▸ **Required action**
In your copy of the data, include no pictures and alter nothing else.

▸ **Data segment**
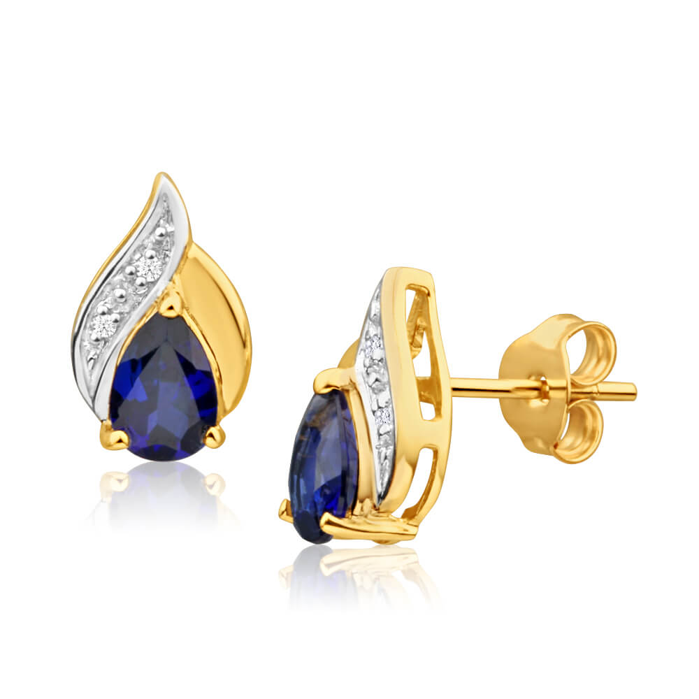 9ct Yellow Gold Created Blue Sapphire + Diamond Stud Earrings
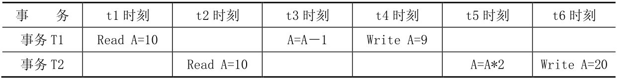 如表6-1所示,事务T1在t1时刻读取A值为10,在t4时刻写回值为A=A-1=9;在t2时刻,事务T2与T1并发执行,此时A值为10,所以T2在t6时刻写回值为A=A*2=20,而这是不正确的,A值应为18,原因就是在t5时刻丢失了事务T1对数据库的控制。
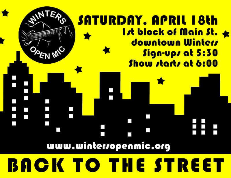 For next show will be BACK ON THE STREETS! THAT’S RIGHT! The Winters Open Mic will be returning to the streets on Saturday, April 18th! The event will take place outdoors, on the first block of Main, in Downtown Winters. Spring is here, so come on down and dance in the street to some great music! Show starts at 6:00; sign-ups for performers begin at 5:30.
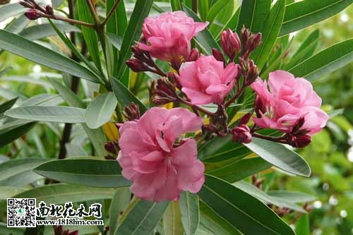 夹竹桃为夹竹桃科夹竹桃属的常绿灌木或小乔木。叶革质狭长。花期6一10月,聚伞花序顶生,花白色或红色。有趣的是,凤仙花科的凤仙花在古代亦有夹竹桃之称。《群芳谱》云:"凤仙……叶长而尖,似桃、柳叶,有锯齿,故又有夹竹桃之名。"

▸ **Exercise answer**
 9ct Yellow Gold Created Blue Sapphire + Diamond Stud Earrings
 如表6-1所示,事务T1在t1时刻读取A值为10,在t4时刻写回值为A=A-1=9;在t2时刻,事务T2与T1并发执行,此时A值为10,所以T2在t6时刻写回值为A=A*2=20,而这是不正确的,A值应为18,原因就是在t5时刻丢失了事务T1对数据库的控制。
 For next show will be BACK ON THE STREETS! THAT’S RIGHT! The Winters Open Mic will be returning to the streets on Saturday, April 18th! The event will take place outdoors, on the first block of Main, in Downtown Winters. Spring is here, so come on down and dance in the street to some great music! Show starts at 6:00; sign-ups for performers begin at 5:30.
 夹竹桃为夹竹桃科夹竹桃属的常绿灌木或小乔木。叶革质狭长。花期6一10月,聚伞花序顶生,花白色或红色。有趣的是,凤仙花科的凤仙花在古代亦有夹竹桃之称。《群芳谱》云:"凤仙……叶长而尖,似桃、柳叶,有锯齿,故又有夹竹桃之名。"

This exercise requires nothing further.